### Task directions
When you transcribe the entries, reproduce every character and exclude the images.

Dataset items:

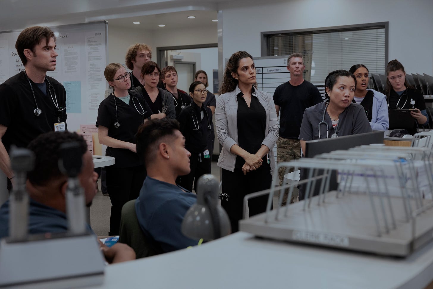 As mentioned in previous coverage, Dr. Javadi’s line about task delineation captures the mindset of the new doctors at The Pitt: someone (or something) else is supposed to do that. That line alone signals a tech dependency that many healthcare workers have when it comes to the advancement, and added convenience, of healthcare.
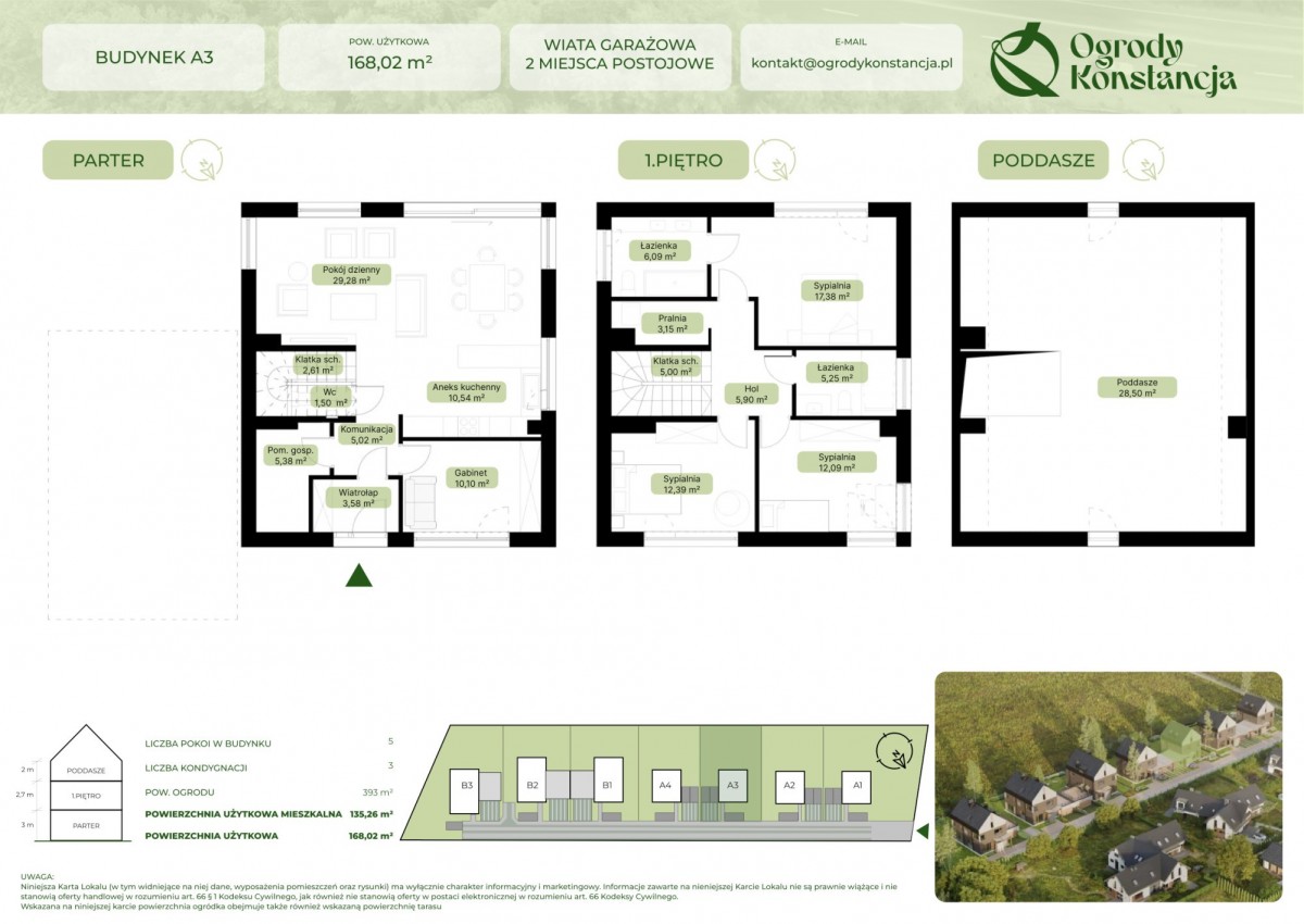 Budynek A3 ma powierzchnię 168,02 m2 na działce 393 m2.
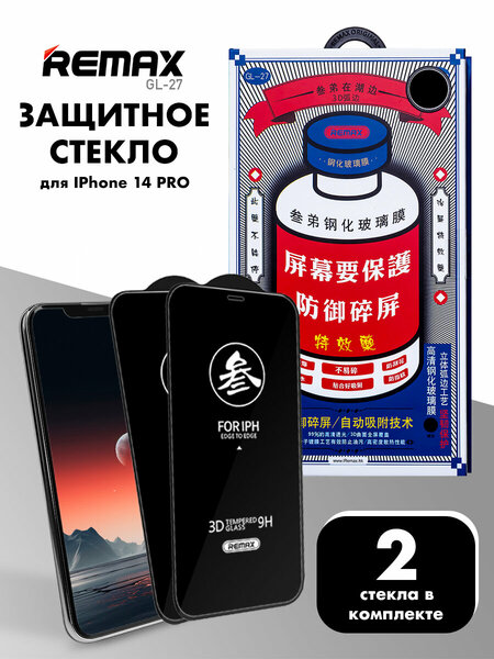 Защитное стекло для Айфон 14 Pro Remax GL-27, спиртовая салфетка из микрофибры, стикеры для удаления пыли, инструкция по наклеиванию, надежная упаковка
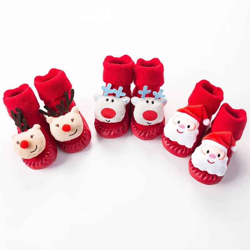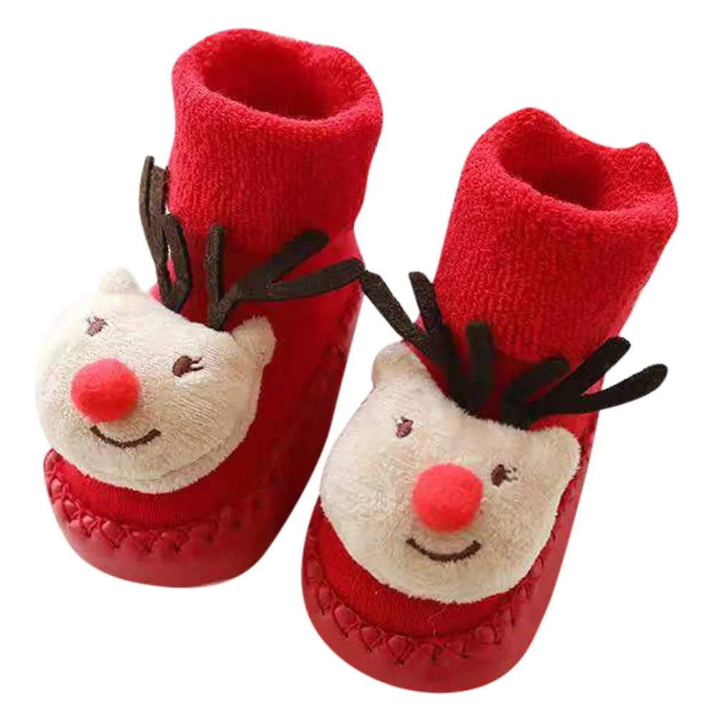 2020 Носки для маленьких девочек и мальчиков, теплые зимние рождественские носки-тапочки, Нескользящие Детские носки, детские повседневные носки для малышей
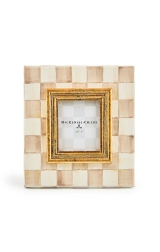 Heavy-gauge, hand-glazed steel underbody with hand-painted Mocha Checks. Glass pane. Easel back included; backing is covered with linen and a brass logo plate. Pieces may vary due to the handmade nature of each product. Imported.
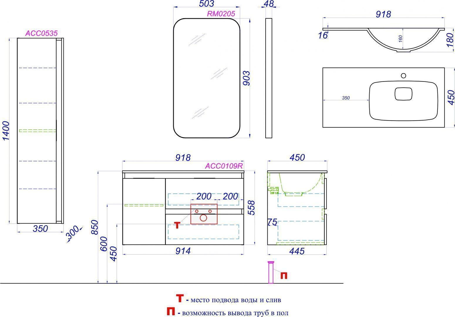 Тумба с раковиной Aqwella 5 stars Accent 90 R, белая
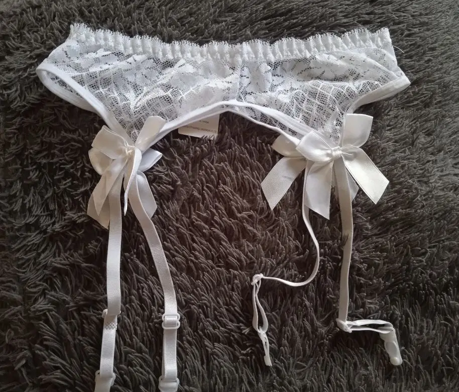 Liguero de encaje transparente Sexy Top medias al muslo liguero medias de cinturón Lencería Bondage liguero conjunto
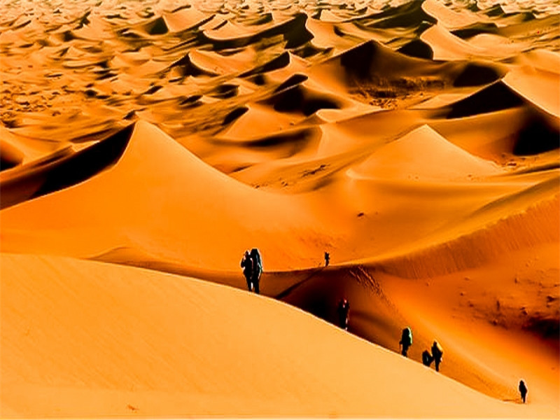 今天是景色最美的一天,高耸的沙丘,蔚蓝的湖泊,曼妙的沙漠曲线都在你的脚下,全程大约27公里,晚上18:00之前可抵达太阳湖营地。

### Answer to this problem
 As mentioned in previous coverage, Dr. Javadi’s line about task delineation captures the mindset of the new doctors at The Pitt: someone (or something) else is supposed to do that. That line alone signals a tech dependency that many healthcare workers have when it comes to the advancement, and added convenience, of healthcare.
 Budynek A3 ma powierzchnię 168,02 m2 na działce 393 m2.
 Защитное стекло для Айфон 14 Pro Remax GL-27, спиртовая салфетка из микрофибры, стикеры для удаления пыли, инструкция по наклеиванию, надежная упаковка
 2020 Носки для маленьких девочек и мальчиков, теплые зимние рождественские носки-тапочки, Нескользящие Детские носки, детские повседневные носки для малышей
 Heavy-gauge, hand-glazed steel underbody with hand-painted Mocha Checks. Glass pane. Easel back included; backing is covered with linen and a brass logo plate. Pieces may vary due to the handmade nature of each product. Imported.
 Тумба с раковиной Aqwella 5 stars Accent 90 R, белая
 Liguero de encaje transparente Sexy Top medias al muslo liguero medias de cinturón Lencería Bondage liguero conjunto
 今天是景色最美的一天,高耸的沙丘,蔚蓝的湖泊,曼妙的沙漠曲线都在你的脚下,全程大约27公里,晚上18:00之前可抵达太阳湖营地。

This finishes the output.